The AFF4 Map object stores the map in a binary format in a segment with a URN obtained by appending “map” to its URN. The segment contains a list of records:
struct Range {
uint64_t map_offset;
uint64_t target_offset;
uint64_t length;
uint32_t target_id;
}__attribute__((packed));
Where targets is an index into the list of targets specified in the target index. The target index, in turn is another stream with a URN obtained by appending “idx” to the map stream’s URN. The target index contains all the targets separated by carriage returns - one per line.
Predicate | Description |
---|---|
http://www.w3.org/1999/02/22-rdf-syntax-ns#type | The type of object. For AFF4 Map objects this will be the URN http://aff4.org/Schema#map . |
The AFF4 map object can be written in random sparse order - i.e. the stream can be seeked as it is being written. This causes the object to automatically build the map while writing the data contiguously to the backing stream.

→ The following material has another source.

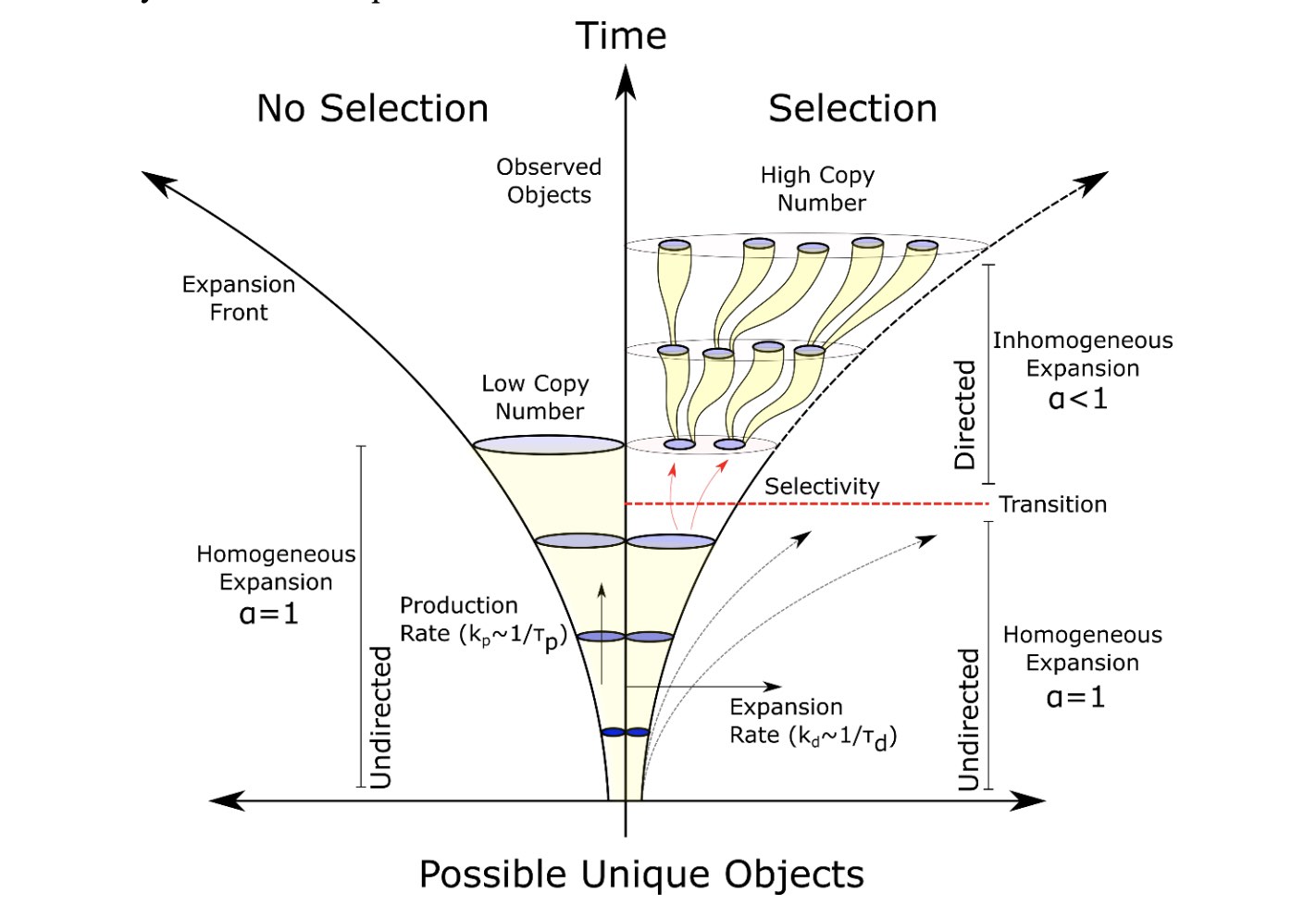 The selection process is defined by a transition from undirected to directed exploration. Undirected exploration leads to the fast homogeneous expansion of discovered objects in the assembly space, while directed exploration leads to a process more like a depth first search. pdf ![]()

Typically an AFF4 Map stream will use an AFF4 Image stream as its backing store.
Here is an example of two ranges being created directly on the map object:
// Now an image is created inside the volume.
AFF4ScopedPtr<AFF4Map> image = AFF4Map::NewAFF4Map(
&resolver, zip->urn.Append(image_name), volume_urn);
// Maps are written in random order.
image->Seek(50, SEEK_SET);
image->Write("50 - This is the position.");
image->Seek(0, SEEK_SET);
image->Write("00 - This is the position.");
Let us examine the resulting volume:
$ unzip -l /tmp/aff4_test.zip
Archive: /tmp/aff4_test.zip
aff4://37a71a6a-4d33-4d96-ad99-5cda758c3a19
Length Date Time Name
--------- ---------- ----- ----
2345 2015-02-23 16:59 information.yaml
467 2015-02-23 16:59 information.turtle
84 2015-02-23 16:59 image.dd/map
58 2015-02-23 16:59 image.dd/idx
38 2015-02-23 16:59 image.dd/data/00000000
4 2015-02-23 16:59 image.dd/data/00000000/index
--------- -------
2996 6 files
$ aff4imager -V /tmp/aff4_test.zip
@prefix rdf: <http://www.w3.org/1999/02/22-rdf-syntax-ns#> .
@prefix aff4: <http://aff4.org/Schema#> .
@prefix xsd: <http://www.w3.org/2001/XMLSchema#> .
<aff4://37a71a6a-4d33-4d96-ad99-5cda758c3a19/image.dd>
a aff4:map .
<aff4://37a71a6a-4d33-4d96-ad99-5cda758c3a19/image.dd/data>
aff4:chunk_size 32768 ;
aff4:chunks_per_segment 1024 ;
aff4:compression <https://www.ietf.org/rfc/rfc1950.txt> ;
aff4:size 54 ;
aff4:stored <aff4://37a71a6a-4d33-4d96-ad99-5cda758c3a19> ;
a aff4:image .
We can see the map stream’s “map” stream and “idx” stream and also the underlying target stream, in this caseaff4://37a71a6a-4d33-4d96-ad99-5cda758c3a19/image.dd/data.